From: Overland Park, KS US
Searching didn't reveal a solution, so I thought I'd post.
I have a server (SERVER1) setup as a SecureNAT client (gateway is the ISA Server) plus I'm publishing some services. I have a couple of remote network accessible via VPN tunnels. The ISA server knows about them (has the static routes setup).
Remote offices can connect to other servers just fine, EXCEPT my SecureNAT server (SERVER1).
When I watch the ISA logs, I see 'Unidentified IP Traffic'.
What I conclude from this is that the remote network is sending the request to SERVER1. But SERVER1 doesn't know how to reach the remote network, so it sends the request to the gateway (ISA2004) and it is being denied there.
How can I get around this? I *do* have the remote networks listed in 'Internal Networks'.
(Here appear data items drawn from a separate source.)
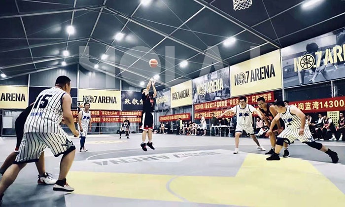 此外,由于我們好來居的籃球館篷房是一種臨時建筑,因此建造審批流程簡單,能夠快速投入使用。其模塊化設計能夠做到輕松搬遷并再次利用,而且還可以根據實際情況進行擴建。速派的籃球館篷房可以快速組裝,建造現場無需切割和焊接,不會產生建筑垃圾,非常適合室外籃球場的改造。
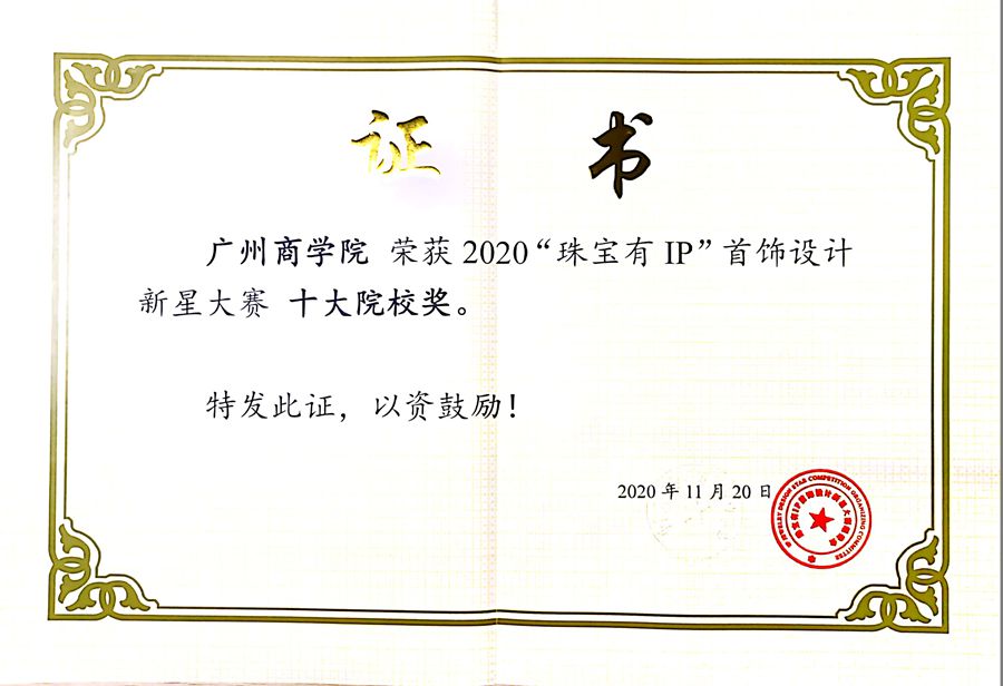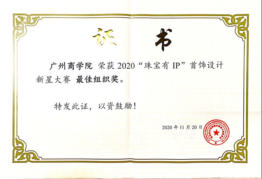 近日,由中宝协学术教育及人才培养专业委员会、广州市恒仕文化传播有限公司、东方环球会展集团联合主办的2020“珠宝有IP”首饰设计新星大赛颁奖典礼暨2021大赛启动仪式在北京隆重举办。广州商学院荣获2020“珠宝有IP”首饰设计新星大赛“十大院校奖”、“最佳组织奖”,陈钦超、黄晓凡、魏芳钰、张志琼获全国百强入围奖,陈晓云、魏芳钰获初赛人气奖,曹茂山、阙慧琳等六位同学获初赛入围奖。
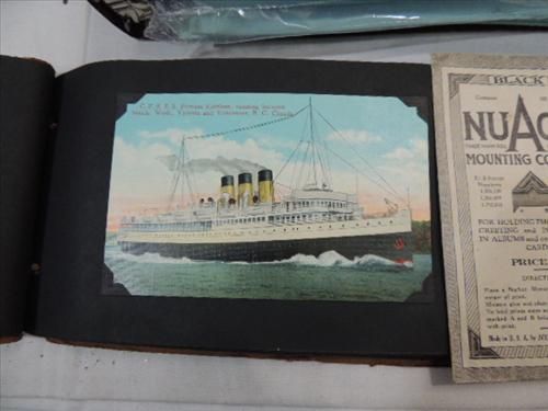 LOT 4 VINTAGE POSTAL CARD ALBUMS (2 EMPTY): 1 SET 1890S POSTAL CARDS IN SNAP SHOT ALBUM OF CANADIAN VACATION SITES. NUACE PHOTO MOUNTS. AS SHOWN. VIEW PICTURE FOR DETAIL.
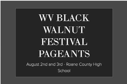 - 2026 WV Black Walnut Festival Pageant - The titleholder will be required to attend the 2026 WV Black Walnut Festival Pageants on August 1st to crown her successor.
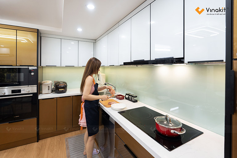 Đội ngũ kỹ thuật viên tại Vinakit luôn đảm bảo quy trình đo đạc, lắp đặt chuyên nghiệp, chính xác đến từng chi tiết, mang lại sự hoàn thiện chỉn chu và thẩm mỹ cao cho căn bếp. Ngoài ra, các sản phẩm kính ốp bếp tại Vinakit đều có nguồn gốc rõ ràng, được bảo hành chính hãng, đi kèm chính sách hỗ trợ tận tâm sau thi công. Nếu bạn đang tìm kiếm giải pháp kính ốp bếp vừa đẹp, vừa bền và chuẩn phong cách riêng, Vinakit chính là lựa chọn lý tưởng để bắt đầu.

The remote Networks can't be part of the default Internal Network unless they're reachable from that interface.
Also, remember that ISA firewall is a stateful packet inspection firewall, so if the SecureNAT client is responding with a SYN-ACK to a SYN that the ISA firewall never saw, then the response will be dropped.
How did you physically connect the trusted interface of the VPN appliance to ISA?
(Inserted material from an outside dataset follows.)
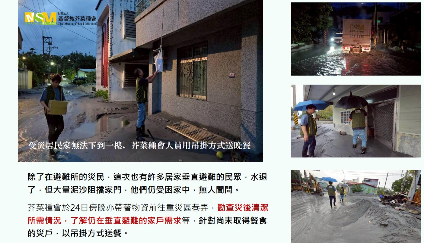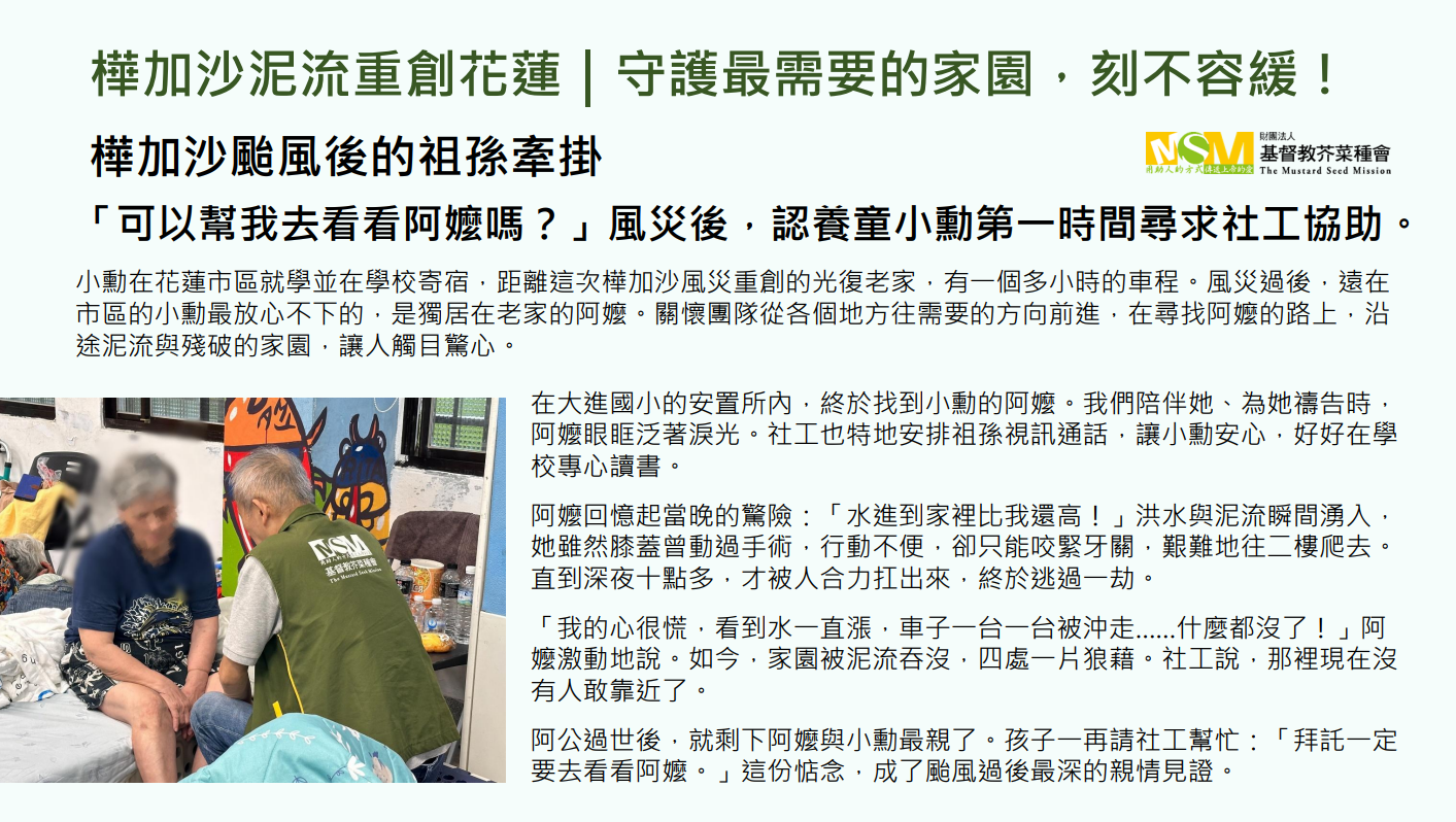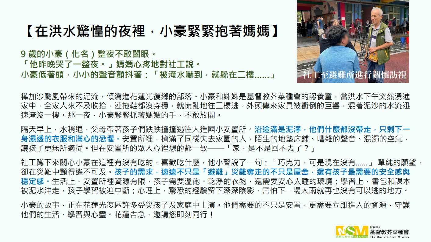 基督教芥菜種會啟動三福助人網行動,透過「福音」陪伴受災家庭,在困境中帶來安慰與盼望;「扶助」提供急難救助,以及自製的常溫茶葉蛋、冷凍熱食調理包與麵包烘焙品,同步預備卡式爐、棉被等生活必需品,即刻送往花蓮災區,此外也串聯在地教會與社區,協助家庭暫時安置;
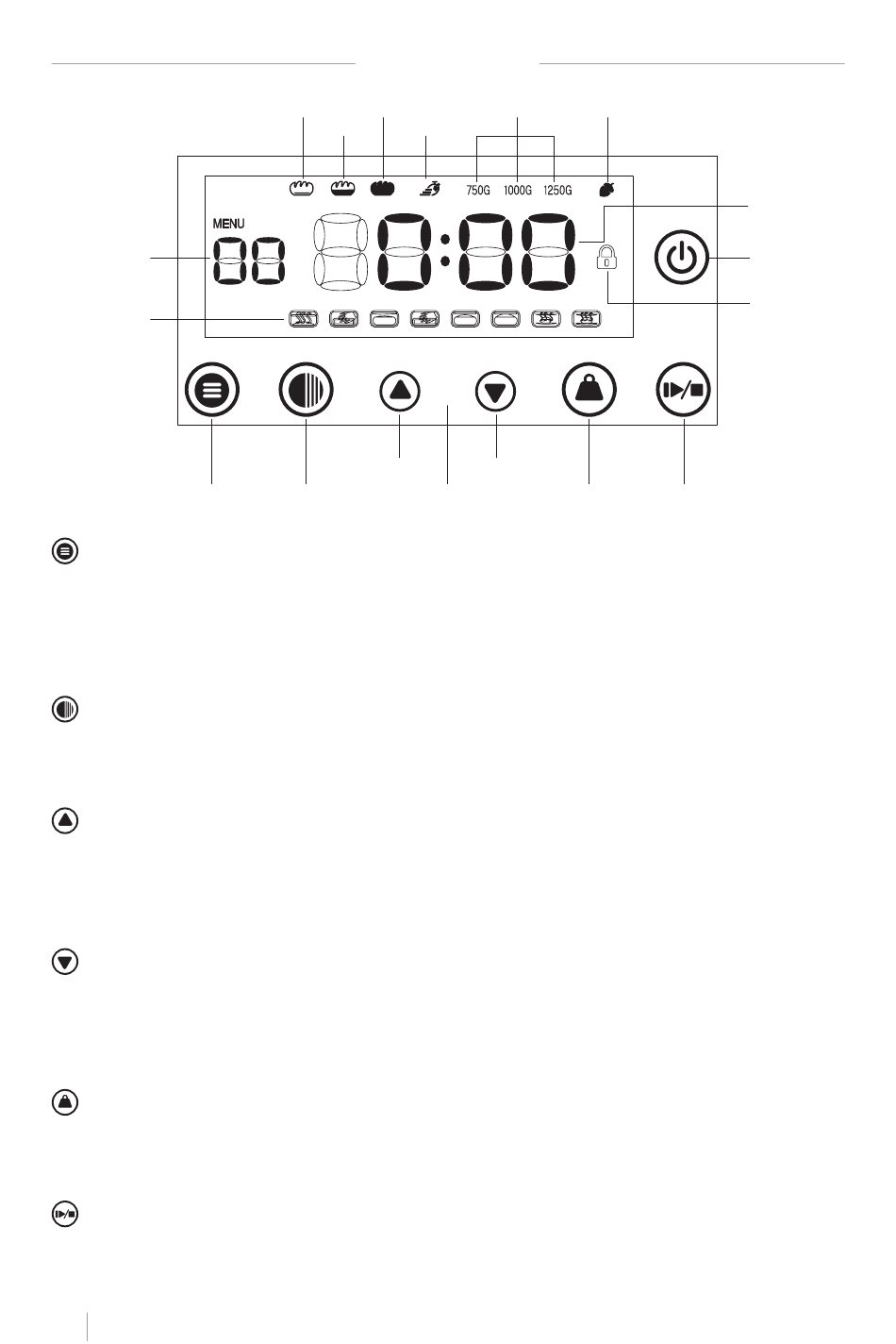 START STOP: Drücken Sie diese Taste, um den Brotbackautomaten zu starten, und drü-

Is this how you have your network setup?
Internet | | ISA | | +----VPN appliance ----- Remote Network | | +---SecureNAT clients (servers)
+ = switch or hub
If so, you will need a route statement on each servers to forward packets to the remote network. This is because the SNAT client will forward the responses to its default gateway which is ISA 2004. As Tom said, ISA was not part of the 3-way TCP handsake between the remote network client and the server. ISA will drop the return response as intrusion.
Then check your network IP range, network rule (route or NAT), make sure you have appropriate access/publishing rules. You will however need a route statement at the ISA to route traffic to the remote network. This is the only place you will need the route statement. Otherwise, traffic intended for the VPN appliance will be routed to ISA's default gateway.